To design a numerical algorithm based on the scheme, the computations should be arranged hierarchically in a two-level scheme, i.e., for each iteration of the minimization procedure at the upper level, the whole numerical procedure must be realized for the lower-level task. The complete computational procedure for determining the best model is described. The singular value decomposition technique is applied to simplify the algebraic computations. The identification scheme can be easily implemented in available computing environments. The numerical studies, especially the strong smoothing of the relaxation spectrum models in the example of a double-mode Gauss-like spectrum, with a simultaneous very good fit to the experimental data of the relaxation modulus models, suggests the need to explore the applicability of the regularized weighted least-squares [
41] in the lower-level identification task. This will be the subject of further work.
In
Appendix A, the proofs and derivations of some mathematical formulas are given. Some tables have been moved to
Appendix B to increase the clarity of the article.
4. Conclusions
In this paper, a new robust hierarchical algorithm for the identification of the relaxation time spectrum, which combines the technique of an expansion of a function into a series of basis functions with the least-squares regularized identification and the optimal choice of the time-scale factor, has been derived. The task of determining the best ‘regularized’ model was solved at the lower level, while the optimal time-scale factor was selected on the upper level of the identification scheme. The continuous spectrum of relaxation times was approximated by finite series of power–exponential basis functions, while the components of the relaxation modulus model were proven to be described by the product of power of time and the modified Bessel function of the second kind. In the present paper, the problem of the optimal choice of the time-scale factor to ensure the best fit of the model to experimental data has been formulated and solved for the first time in the context of the relaxation spectrum identification.
The necessary optimality conditions both for the optimal regularized least-squares identification task and the problem of the optimal selection of the time-scale factor were derived in the form of nonlinear algebraic equations.
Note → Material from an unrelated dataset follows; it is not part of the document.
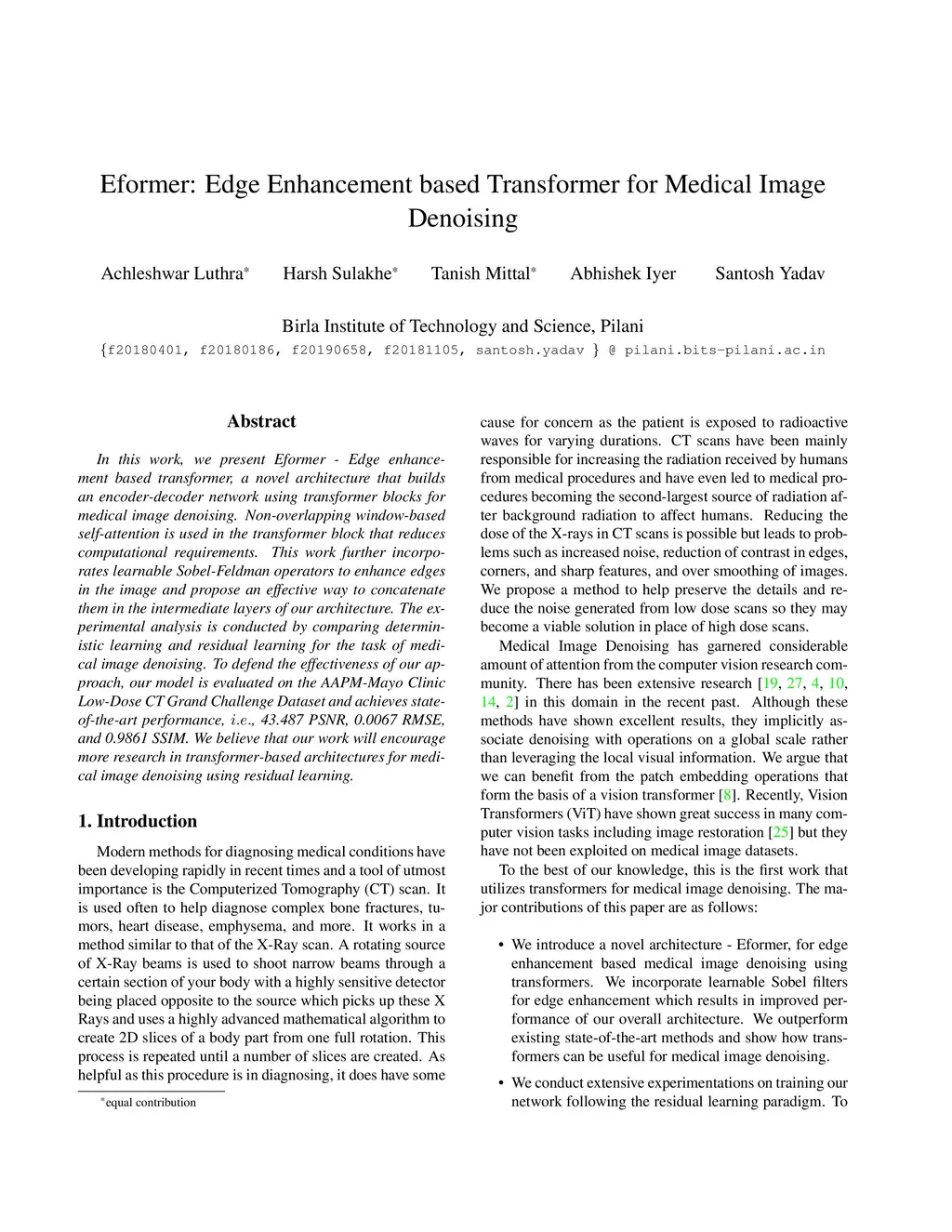 In this work, we present Eformer - Edge enhancement based transformer, a novel architecture that builds an encoder-decoder network using transformer blocks for medical image denoising. Non-overlapping window-based self-attention is used in the transformer block that reduces computational requirements. This work further incorporates learnable Sobel-Feldman operators to enhance edges in the image and propose an effective way to concatenate them in the intermediate layers of our architecture. The experimental analysis is conducted by comparing deterministic learning and residual learning for the task of medical image denoising. To defend the effectiveness of our approach, our model is evaluated on the AAPM-Mayo Clinic Low-Dose CT Grand Challenge Dataset and achieves state-of-the-art performance, , 43.487 PSNR, 0.0067 RMSE, and 0.9861 SSIM. We believe that our work will encourage more research in transformer-based architectures for medical image denoising using residual learning.
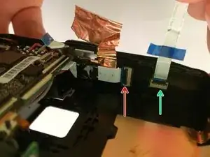 Удалите винт Phillips #00 и серебряный металлический натяжитель под этим винтом. Удалите винт Phillips (размер) рядом с шлейфом.

The main properties of the basis functions of the relaxation spectrum and modulus models, their positive definiteness, convenient upper bounds, monotonicity, asymptotic properties and wide range of applicability for different time-scale factors indicated the possibility of using the proposed model and identification algorithm to determine the spectrum of a wide class of viscoelastic materials.
The overly strong smoothing of the relaxation spectrum models in the example, with a very good fit to the experimental data of the relaxation modulus models, indicates the need to modify the quality index in the lower level identification task. An introduction of a weight matrix in the second component of the objective function or a direct application of regularized weighted least-squares should be investigated. Another solution is the selection of such a spectrum model which guarantees the assumed level of smoothing and optimal adjustment to the relaxation modulus measurement data. These approaches will be the subject of further work.
The presented scheme of the relaxation spectrum identification can be easily modified for retardation spectrum recovery from creep compliance measurements obtained in the standard creep test.